Rushkoff makes the case that everything from algorithms and artificial intelligence to money and education have evolved in ways that advance an "anti-human" agenda, according to the book's description.

The book is "essentially about reframing our culture, putting people back at the forefront, rather than the algorithms," Wilson said.

"It's brilliant. It's inspiring."

(W. W. Norton Company)

Teardown: Rebuilding Democracy from the Ground Up by Dave Meslin

If you know someone who is feeling pessimistic about the future of democracy, Wilson thinks you should pick up this title. 

Teardown: Rebuilding Democracy from the Ground Up contains a list of potential solutions to the problems that plague democracy around the world today — from disaffected voters and partisan legislatures to increasingly powerful executives and rigged elections. 

"It's neat to be reminded that democracy conceivably could work, and might actually be a viable system if some changes were made to it," said Wilson.

(Penguin Random House Canada)

W.W. Norton and Co./Penguin Random House

Pretty books

Blanket Toss Under Midnight Sun by Paul Seesequasis

This book contains "portraits of everyday life in eight Indigenous communities," said Archer.

It's made up of never-before-published archival photographs and grew out of a popular social media project where Seesequasis sought to tell the other side of the stories that came out of Canada's Truth and Reconciliation Commission.

The photos in this book show how Indigenous people stuck together and persevered during those difficult times.

(Penguin Random House Canada)

Leaf: Lettuce, Greens, Herbs, Weeds by Catherine Phipps

Archer said this next title is a "beautiful cookbook."

It features 120 recipes showing the versatility of edible leaves of all kinds. The book covers a wide range of meals from soups and salads to brunches and desserts.

(Quadrille Publishing/Chronicle Books)

Penguin Random House/Quadrille Publishing/Chronicle Books

For the sci-fi fans

Radicalized by Cory Doctorow

Radicalized features four novellas that explore social, technological and economic visions of America's present and what it could be like in the near future.

One of the stories, Wilson said, imagines a future where your toaster can only toast a certain kind of bread — forcing you to buy one for white bread, and another for other varieties. 

In another, a superhero-like figure attempts to take on corrupt police forces, only to find that his efforts end up harming the very people he wanted to help.

(Macmillan Publishers)

Crow Winter by Karen McBride

This pick is for anyone who enjoys both fantasy and Indigenous stories, Wilson said. 

Crow Winter follows a young woman who moves home to her First Nation reserve after her father dies, only to discover forces on her father's property that cross the boundaries between this world and the next.

(HarperCollins Canada)

Macmillan Publishing

People who like to get around by non-motorized means

A Walking Life by Antonia Malchik

Archer's first pick for this category is all about "anecdotes of the power of walking in our lives."
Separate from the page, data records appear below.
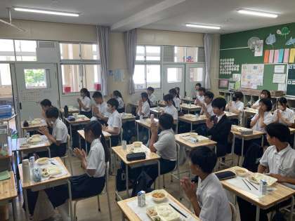 2年2組では、きょうから教育実習に来られた先生も一緒に教室に入り、みんなそろって「いただきます!」をしました。
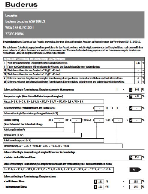 - Klasse für die jahreszeitbedingte Raumheizungs-Energieeffizienz (55grdC Vorlauftemperatur): A+++
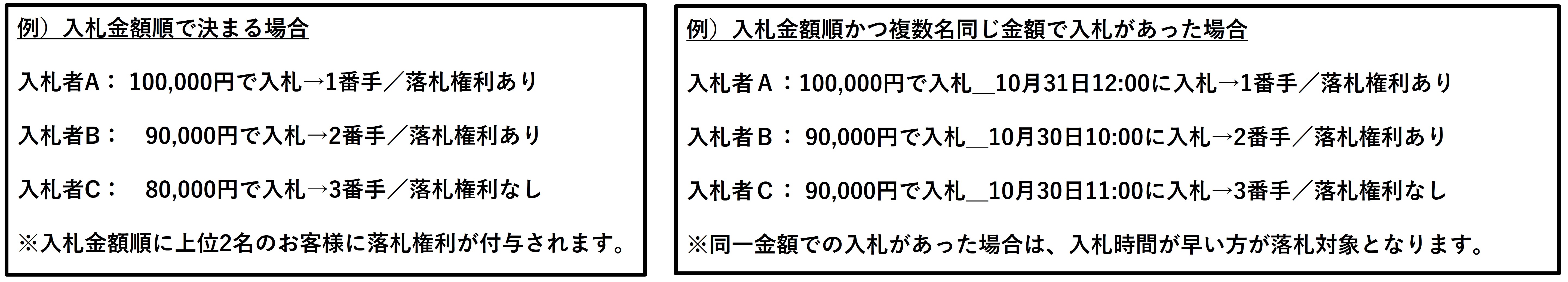 ※入札価格が同額となった場合、先に入札されたユーザーが優先されます。

The author laments how a car-centric culture and the endless drive for productivity and efficiency has led to the rise of a sedentary lifestyle across North America. 

Malchik shows how walking is "such a rudimentary act of reclamation," said Archer. "It's clean, it's beneficial, it's empowering and it's spiritual."

(Hachette Book Group)

In Praise of the Bicycle by Marc Augé

Part personal memoir, part call-to-action, this 93-page book takes the reader on a journey through our cities and into the role cycling plays in our lives.

In Praise of the Bicycle is a "delightful little book," said Archer.

"This is a manifesto on cycling by an anthropologist."